Ora, se a unidade é fundamental há que ter alguma capacidade de integração do ponto de vista alheio ou então condenaremos perpetuamente os Monty Phyton à genialidade. As formas da unidade estão, assim, também elas em debate e a vontade de unidade não é um exclusivo de ninguém. Para começar este processo, que é o contrário de o enterrar ao primeiro contratempo, nada melhor do que a consciência das dificuldades.

Dificuldades sérias. Por isso, não basta o apelo de boa vontade à unidade. Claro que a boa vontade é necessária ao processo e os apelos também. Mas é preciso não cair noutra armadilha que nos conduziria a um beco sem saída: explicar a ausência de unidade por questões de egocentrismo, por acreditar que os outros, sempre eles bolas, não aceitam a via da unidade porque querem manter a sua quinta eleitoral, os seus pequenos privilégios, as suas migalhas do sistema.
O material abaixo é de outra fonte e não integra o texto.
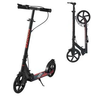 VEVOR Kick Scooter for Kids Ages 8+, Teens & Adults, 2-Wheel Toddler Scooter with Height Adjustable Handlebar, Wide Anti-Slip Deck, Foldable Lightweight Frame for Boys & Girls up to 220 lbs, Black

Até porque somos todos humanos, dizem, convém não diabolizar uns e santificar outros: aos maus sectários não se contrapõem os bons unitários. Não há os dos interesses e os desinteressados. E se se pode suspeitar que uns fazem o que fazem porque querem manter o tal quintal, não se pode achar estranho que os outros rebatam que o discurso da unidade também poderá servir interesses pequenos como construir um pequeno espaço político próprio ou substituir as direções de um espaço político já existente.
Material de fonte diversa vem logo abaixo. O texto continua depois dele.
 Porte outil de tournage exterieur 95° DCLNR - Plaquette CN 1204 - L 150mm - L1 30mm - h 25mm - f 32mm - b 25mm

Retóricas e interesses à parte, creio que é preciso afirmar que o problema central da inexistência de políticas de unidade à esquerda são os programas diferentes, os métodos políticos diferentes e os objetivos diferentes. E menorizar as diferenças em nome da angustiante urgência de alterar o rumo político do país não tem contribuído em nada para resolver a questão. É preciso, pois, partir do facto das diferenças vincadas e discuti-las aberta e aprofundadamente. Ter a capacidade de o fazer será dar uma alfinetada no grande papão a ver se o esvaziamos ao contrário de continuar a insuflá-lo de muitas maneiras.

 

 

2- Um pequeno papão para assustar o PS

 

 

O referido artigo do Daniel Oliveira é interessante porque procura responder a estas questões enquadrando a política unitária dentro de certos limites. Pode-se dizer que apresenta:

- um meio: a unidade é um partido (ou uma força sobretudo eleitoral);

- uma estratégia: a unidade é para conquistar eleitorado do PS assustando a sua direção;

- um objetivo: a unidade conduz a um governo de esquerda. Tenho para mim, precisamente, que cada um destes pontos é tudo menos evidente.

 

1- O meio “partido” e a intervenção eleitoral não são o único conteúdo possível da unidade de esquerda. Só assim será se acreditarmos exclusivamente na narrativa de que o que falta é uma força eleitoral que assuste o PS. Ora, de outro ponto de vista, pode-se contrapor que a unidade mais urgente é da mobilização e da luta social. Só ela pode contrapor aos poderes perenes do austeritarismo sendo assim uma força suficiente para meter medo não ao PS mas aos verdadeiros donos do país. Aliás, não haveria «governo de esquerda» capaz de aguentar as pressões a que seria sujeito sem essa força social mobilizada em permanência, sem a frente unida social.

 

2- A estratégia de entrar pelo eleitorado do PS dentro não deve ser absolutizada como a única possível desde um ponto de vista de esquerda. De um outro ponto de vista, a política de esquerda deve também dirigir-se aos «zangados da política», ou seja, todos/as os/as que dela são excluídos. A batalha contra-hegemónica nas camadas da população mais afetadas pela crise e mais sujeitas aos processos de despolitização é central e supõe metodologias, discursos e práticas diferentes.

 

3- O objetivo final da unidade não tem necessariamente de ser a participação de um partido num governo com o PS. A indisponibilidade do PS para tal ou a sua persistência no social-liberalismo são bastantes para inviabilizar tal projeto. Aliás, mantendo-nos no campo das possibilidades mais «moderadas», poderíamos colocar a hipótese de ser bem mais profícua a existência de uma esquerda parlamentar que se comprometa a viabilizar as propostas anti-austeridade e a contrariar as outras. Isto para não falarmos de tantas outras possibilidades de unidade que não estarão destinadas a limitar-se à política partidária e institucional porque vencer a austeridade não se pode limitar a ser só governar.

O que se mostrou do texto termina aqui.